Поднялись мы очень высоко. Чуть ниже нас впереди шли скоростные бомбардировщики. Их скорость едва уступала истребителям. Славные, красивые машины!
По мере того как мы поднимались, стрелка прибора высоты все больше сдвигалась в сторону и, наконец, замерла. Холод пронизывал насквозь. В меховых рукавицах стыли руки. Не хватало воздуха, в висках стучало. Но все летчики безукоризненно, точно на параде, вели строем свои машины.
Появились редкие облака. Ближе к фронту пылали деревни, зажженные японскими снарядами. Потом заблестели воды Янцзы. Мы были у цели. Внизу, величиной со спичечные коробки, виднелись корабли наших врагов.

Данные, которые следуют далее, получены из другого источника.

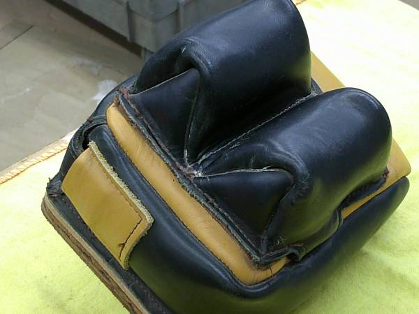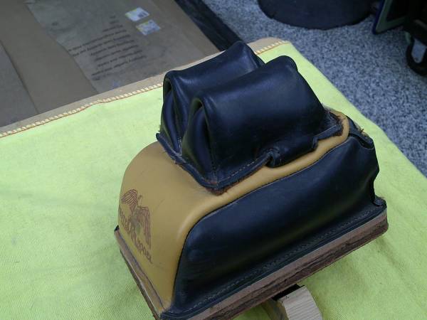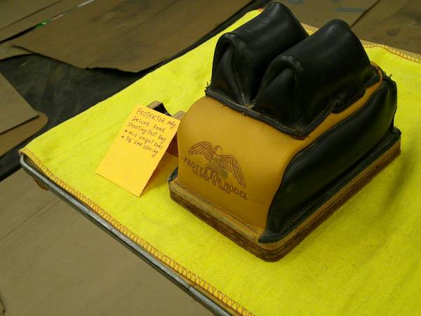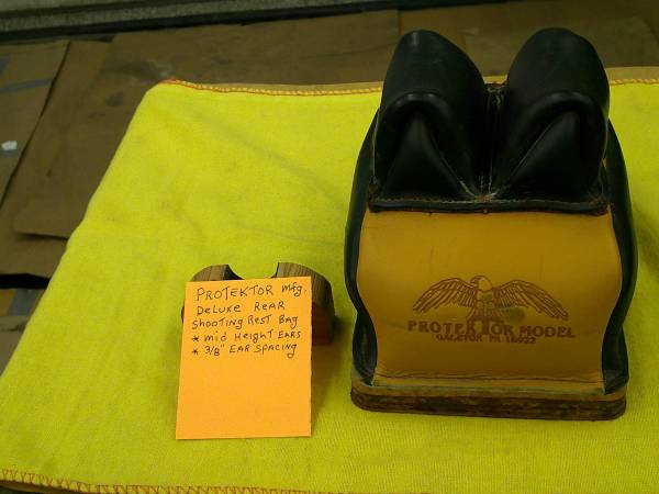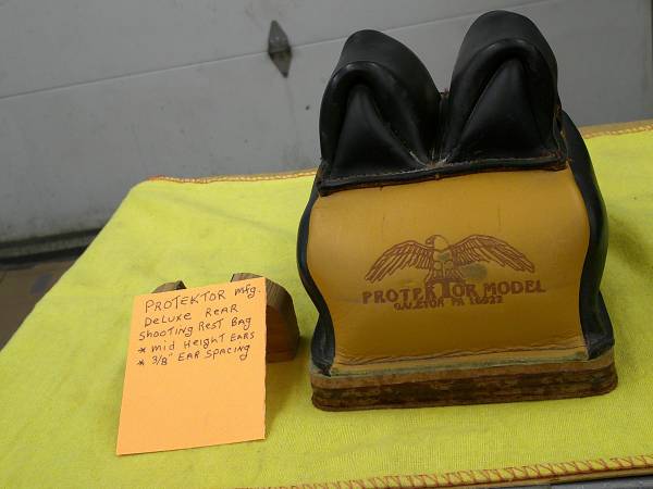 Protektor Deluxe Model - Mid Ear Height - Rear Rifle Rest Bag. This bag has a bottom comprised of 3 layers of stiff leather with an integral doughnut that eliminates any rocking movement. The sidewalls have stiffer leather than similar bags. This prevents "rounding" of the bag over time. This is a "Mid-Ear" model that has slightly taller and wider ears than a traditional "Bunny Ear" bag. This bag easily accommodates larger stocks. It measures 6 3/4" long x 5" wide x 5 1/2" high with 3/8" spacing in between the base of the ears. It is in excellent condition featuring all leather construction and is filled with "heavy" sand. Total weight is 10#. Cash only. Please call John at show contact info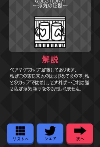 画面左の棚の1段目にある「ペアマグカップ」をタップし、「証拠を探す」を押そう。
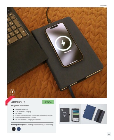 ARDUOUSPrinting Technique: UV Printing, Screen Printing, D-embossing %u2022 Magsafe Notebook10W Wireless Charging80 SheetsComes with Removable Mobile & Business Card HolderRemovable Notebook Closure60 cm Cable for Charging Power BankMagsafe NotebookHK0494STATIONERY69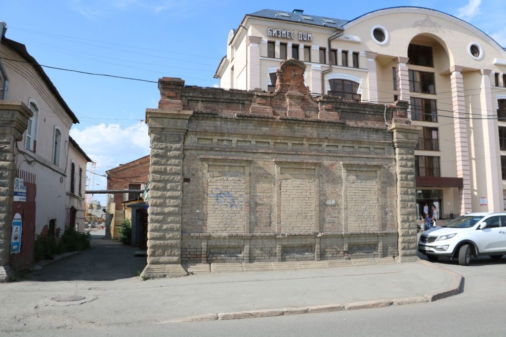 1.Объемно-пространственное решение расположения здания памятника в структуре города 1.1.Градостроительный прием расположения здания-памятника: нежилого строения здание лавки расположено по красной линии ул. Труда в ряду линейной застройки через проездные ворота от объекта культурного наследия регионального значения «Городская дума» 2.Функциональное назначение здания-памятника существующее назначение здания-памятника: здание для размещения учреждений 3.Объемно-планировочное решение здания-памятника одноэтажное здание, выполненное из кирпича, развито вглубь квартала 4.Общее композиционно-планировочное решение здания-памятникаобщее планировочное решение здания лавки образовано кирпичными несущими стенами с учетом исторических оконных проемов южного фасада лучковой формы5.Основные конструктивные решения здания-памятника одноэтажное кирпичное здание6.Общее архитектурное решение фасадов и их элементов, крыши здания-памятника 6.1.Общее архитектурное решение южного фасада угловые пилястры с облицовкой гранитным рустом с базами профилированными тягами, капителями с упрощенным вариантом дорического ордера, завершающиеся парапетными столбиками крыши с одиночной филенкой на лицевых частях, профилированным завершением;профилированные тяги нижней грани фасада;наличники оконных проемов, объединенные с лаконичными сандриками, формирующими нишки сложной конфигурации, с декором подоконным карнизом, пилястрами, продолжающими оси наличников оконных проемов, фланкирующими прямоугольные ниши с фасками в подоконном пространстве;антаблемент в створе пилястр: архитрав, выполненный в один кирпич, фриз с часто расположенными прямоугольными нишками, венчающий карниз;аттик сложной конфигурации, члененный на три секции парапетными столбиками, отделяющими прямоугольные боковые фрагменты аттика от центрального в виде замочной скважины; декор аттика: боковые фрагменты с прямоугольными ступенчатыми нишами, центральная часть с пилястрой в центре и круглым элементом декора, декором внешней грани тычковым рядом кирпича, профилированным карнизом полукруглой центральной части с плечиками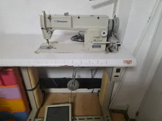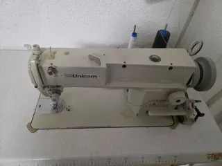 Máquina de coser industrial de la marca Unicorn. Ideal para trabajos de costura. - Color beige. - Incluye pedal. - Estructura metálica.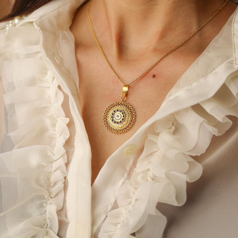 La medalla de encaje de oro y esmalte es una pieza impresionante que combina la delicadeza del trabajo minucioso con la riqueza de los colores del esmalte. Su meticuloso diseño evoca la alta joyería, creando un accesorio único, elegante y con personalidad.

Вот они, заморские варвары, которые пришли нарушить нашу мирную жизнь. При виде их меня охватывает чувство жгучей злобы. Я отлично понимаю нашего героя-летчика, ринувшегося с полным грузом бомб на палубу японского крейсера. Он пожертвовал собой, но взорвал и потопил японский корабль.

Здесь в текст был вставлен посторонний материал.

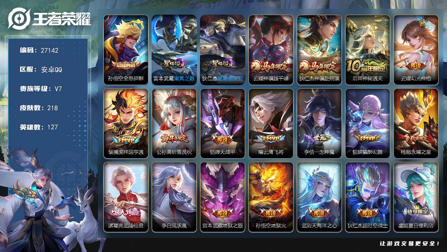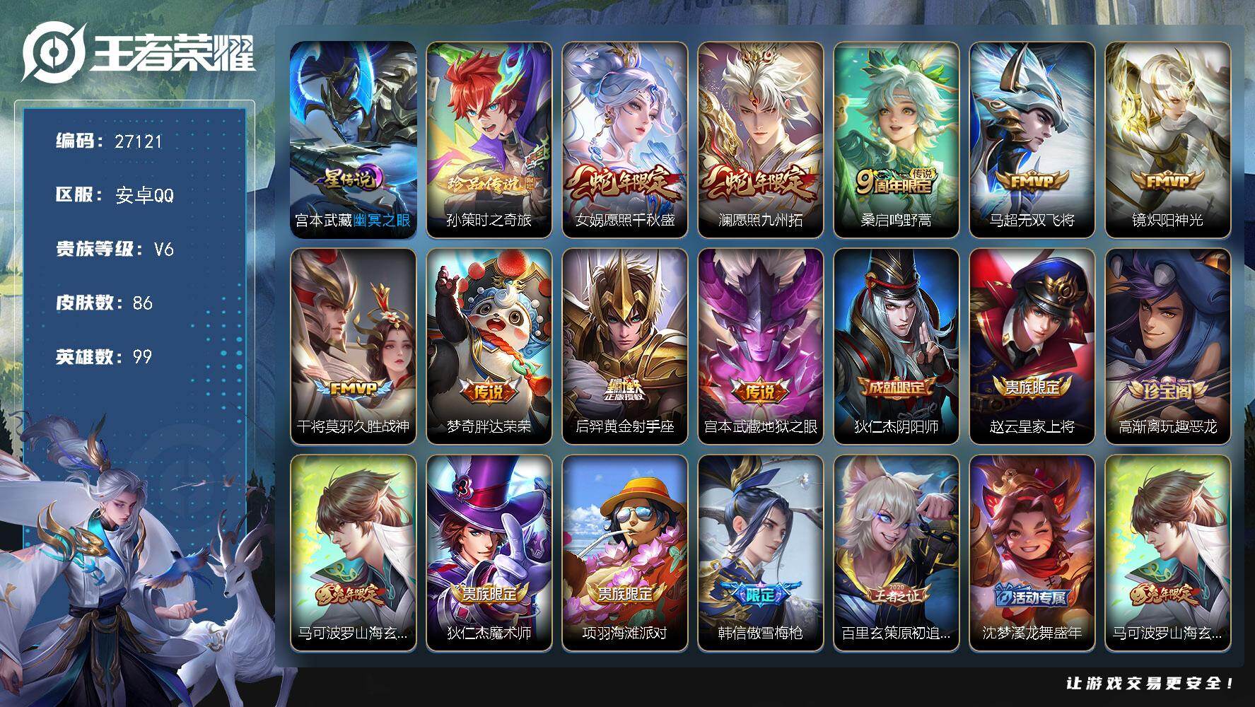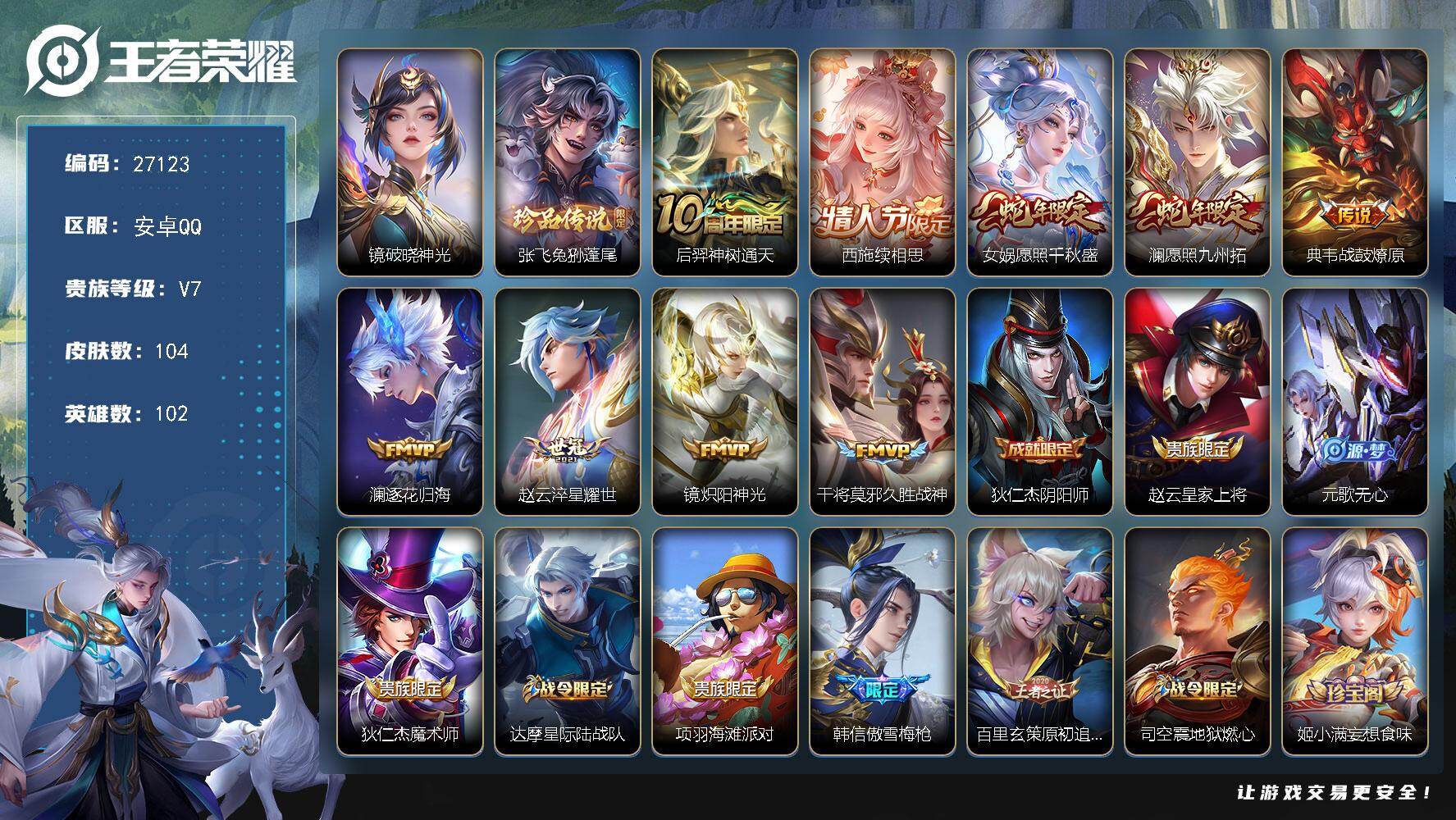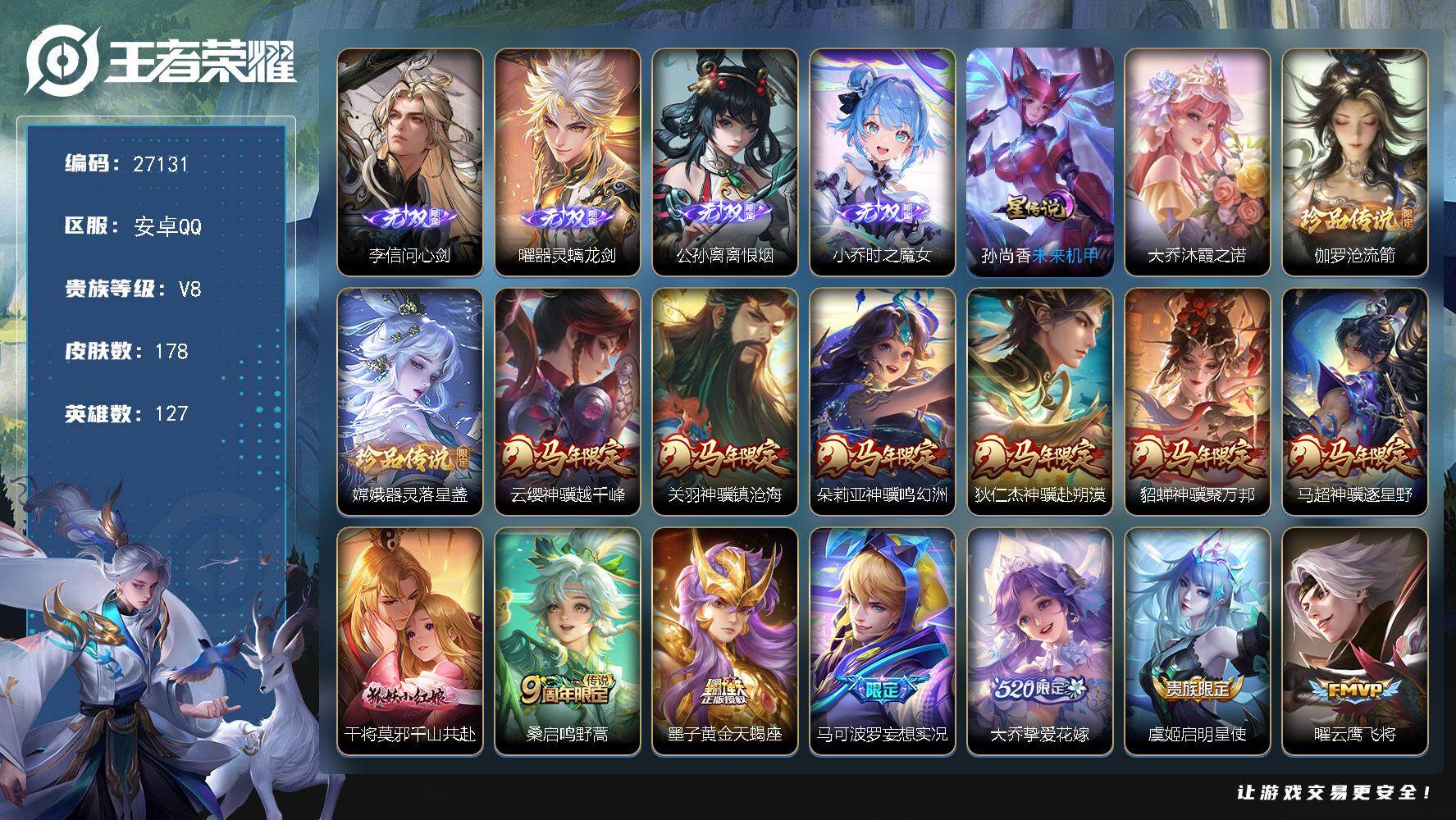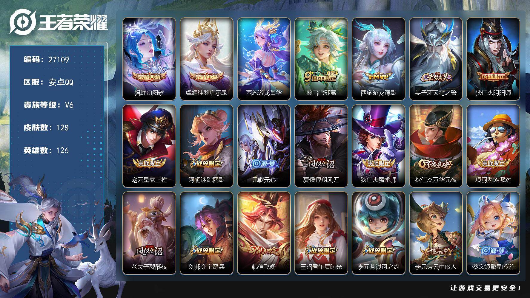 PX_2527019-可换绑【精品女小号·虞姬貂蝉典藏·游龙清影带星传说·幻珠鲛人·聚宝船·白鹤梁神女·飞衡·无二次】3538星币,幸运值265,4按键,1星传说,8王者印记,五级铭文110,无二次安卓Q-V6-128皮肤-2典藏皮肤-2传说-43史诗【荣耀典藏】:貂蝉幻阙歌,虞姬神鉴启示录【星元皮肤】:西施游龙堇华【传说皮肤】:桑启鸣野蒿,西施游龙清影【限定皮肤】:姜子牙天穹之誓,狄仁杰阴阳师,赵云皇家上将,阿轲迷踪丽影,元歌无心,夏侯惇朔风刀,狄仁杰魔术师,狄仁杰万华元夜,项羽海滩派对,老夫子醍醐杖,刘邦夺宝奇兵,韩信飞衡,王昭君午后时光,李元芳银河之约,李元芳云中旅人,蔡文姬繁星吟游,鬼谷子原初探秘者,鬼谷子五谷丰年,大乔白鹤梁神女,弈星混沌棋,沈梦溪星空之诺,沈梦溪大漠名商,明世隐疑决卦,裴擒虎擒涛扼浪,狂铁电玩高手,上官婉儿天狼绘梦者,嫦娥拒霜思,嫦娥暖冬兔眠,鲁班大师探海日志,桑启海盐诗旅,暃星界游侠,张良古海寻踪,蒙犽百解令,鬼谷子天穹祈灯,姬小满妄想食味,安琪拉乘龙聚宝船,周瑜熔金海岸【年限皮肤】:韩信飞衡,安琪拉乘龙聚宝船【赛季限定】:夏侯惇朔风刀,弈星混沌棋,明世隐疑决卦,老夫子醍醐杖,鬼谷子原初探秘者,狄仁杰万华元夜,沈梦溪大漠名商,李元芳云中旅人,桑启海盐诗旅,裴擒虎擒涛扼浪,鲁班大师探海日志,张良古海寻踪,鬼谷子天穹祈灯,姜子牙天穹之誓,东皇太一噬灭天穹,钟馗虚灵犬护,甄姬逆浪荇歌,亚瑟荣光之誓,牛魔星界战将,项羽九幽镇关【战令限定】:李元芳银河之约,沈梦溪星空之诺,阿轲迷踪丽影,刘邦夺宝奇兵,狂铁电玩高手,王昭君午后时光,暃星界游侠,嫦娥暖冬兔眠,刘禅鸭鸭历险记,沈梦溪鸭鸭历险记,周瑜线条小狗【史诗皮肤】:周瑜线条小狗,项羽九幽镇关,朵莉亚幻珠鲛人,黄忠百相守梦,狂铁龙之律动,刘禅鸭鸭历险记,牛魔星界战将,安琪拉乘龙聚宝船,姬小满妄想食味,蒙犽百解令,暃星界游侠,元歌无心,鬼谷子五谷丰年,狂铁电玩高手,嫦娥拒霜思,大乔白鹤梁神女,上官婉儿天狼绘梦者,孙尚香时之恋人,阿轲迷踪丽影,韩信飞衡,娜可露露晚萤,李元芳银河之约,蔡文姬繁星吟游,公孙离无限星赏官,狄仁杰鹰眼统帅,伽罗箭羽风息,阿轲节奏热浪,亚瑟心灵战警,小乔缤纷独角兽,夏侯惇乘风破浪,李白千年之狐,曹操幽灵船长,妲己女仆咖啡,妲己魅力维加斯,孙尚香水果甜心,狄仁杰魔术师,王昭君偶像歌手,甄姬冰雪圆舞曲,貂蝉圣诞恋歌,赵云未来纪元,赵云皇家上将,阿轲暗夜猫娘,露娜紫霞仙子,鲁班七号电玩小子【其他皮肤】:桑启线条小狗,虞姬溯影追猎,艾琳鹤鸣心笺,亚瑟荣光之誓,莱西奥踏浪烽翎,甄姬逆浪荇歌,白起死霸装,姬小满小满鸭,露娜命运加冕,阿古朵布丁狗之约,沈梦溪鸭鸭历险记,钟馗虚灵犬护,东皇太一噬灭天穹,周瑜熔金海岸,姜子牙天穹之誓,朵莉亚金色潮汐,鬼谷子天穹祈灯,张良古海寻踪,姬小满零食大作战,鲁班大师探海日志,太乙真人劲辣红锅,裴擒虎擒涛扼浪,海月幻泉雾影,嫦娥暖冬兔眠,桑启海盐诗旅,李元芳云中旅人,沈梦溪大漠名商,王昭君午后时光,鲁班大师乓乓大师,狄仁杰万华元夜,鬼谷子原初探秘者,老夫子醍醐杖,盾山圆桌骑士,刘邦夺宝奇兵,明世隐疑决卦,哪吒次元突破,弈星混沌棋,沈梦溪星空之诺,夏侯惇朔风刀,沈梦溪鲨炮海盗猫,小乔丁香结,大乔守护之力,苏烈坚韧之力,李白敏锐之力,孙尚香沉稳之力,王昭君幻想奇妙夜,关羽龙腾万里,刘备汉昭烈帝,刘备纽约教父,狄仁杰阴阳师,花木兰兔女郎,达摩拳王,亚瑟死亡骑士,典韦黄金武士,妲己少女阿狸,武则天东方不败,牛魔西部大镖客,达摩大发明家,阿轲爱心护理,韩信街头霸王,项羽海滩派对,司空震启蛰,澜孤猎,西施归虚梦演,曜归虚梦演,盘古创世神祝,上官婉儿修竹墨客,李信灼热之刃,司马懿魇语军师,元歌午夜歌剧院,杨玉环霓裳曲,公孙离花间舞,梦奇美梦成真,大乔伊势巫女,杨戬埃及法老,雅典娜战争女神,蔡文姬蔷薇王座,李元芳特种部队,妲己仙境爱丽丝,花木兰剑舞者

Заметив китайские самолеты, японские корабли открыли стрельбу из зенитных орудий. Поднявшиеся навстречу японские истребители не решились вступить с нами в бой. Желто-красными искрами вспыхивали многочисленные выстрелы зениток. Бомбардировщики бесстрашно атаковали военные корабли. С большой высоты они метко сбросили смертоносный груз и повернули обратно. Не было времени разглядывать, как взорванные корабли начали тонуть. Штурманы хорошо рассчитывали. Их бомбы достигли цели. В этот налет они потопили 5 кораблей.
Бомбардировщики и истребители легли на обратный курс. Только одна машина, задержавшись, отстала от своего отряда. Как шакал, ринулся один из самураев на нашего товарища. Китайские самолеты скрылись за облаками. Я поспешил на выручку. Это оказалась машина Ван Ши-до. Истребитель, атаковавший Ван Ши-до, бросился на меня. Ван Ши-до, улучив момент, нырнул в облака. Я остался с глазу на глаз с японцем. Его смелость меня удивила. Очевидно, это был один из японских асов. Но смелость самурая стала понятна, когда, оглянувшись назад, я увидел у себя на «хвосте» другой самолет, а сверху — третий. Тогда я «прижался» к самолету врага. Остальные японцы не могли стрелять в меня, опасаясь попасть в своего. Японец выпустил по мне несколько очередей из пулеметов. Он делал самые замысловатые фигуры, опрокидывался на спину и поливал меня свинцовым дождем, но я парировал удары японца и сам переходил в атаку.
Так кружились мы в смертельной схватке, все ниже и ниже спускаясь к водам Янцзы. Мой самолет уже находился в зоне досягаемости японских зенитных пулеметов. Нужно было выходить из боя, но выходить так, чтобы не попасть под огонь японских истребителей и зениток. Заняв выгодное положение, я сделал вид, что хочу таранить противника. Японец испуганно рванулся в сторону — вверх и, потеряв скорость, на мгновение завис в воздухе. Тогда, нажав на гашетку пулеметов, я прошил в упор японца свинцовой струей и, дав полный газ, вышел из боя. Японские истребители попытались преследовать меня, но моя прекрасная машина легко оставила самолеты противника позади.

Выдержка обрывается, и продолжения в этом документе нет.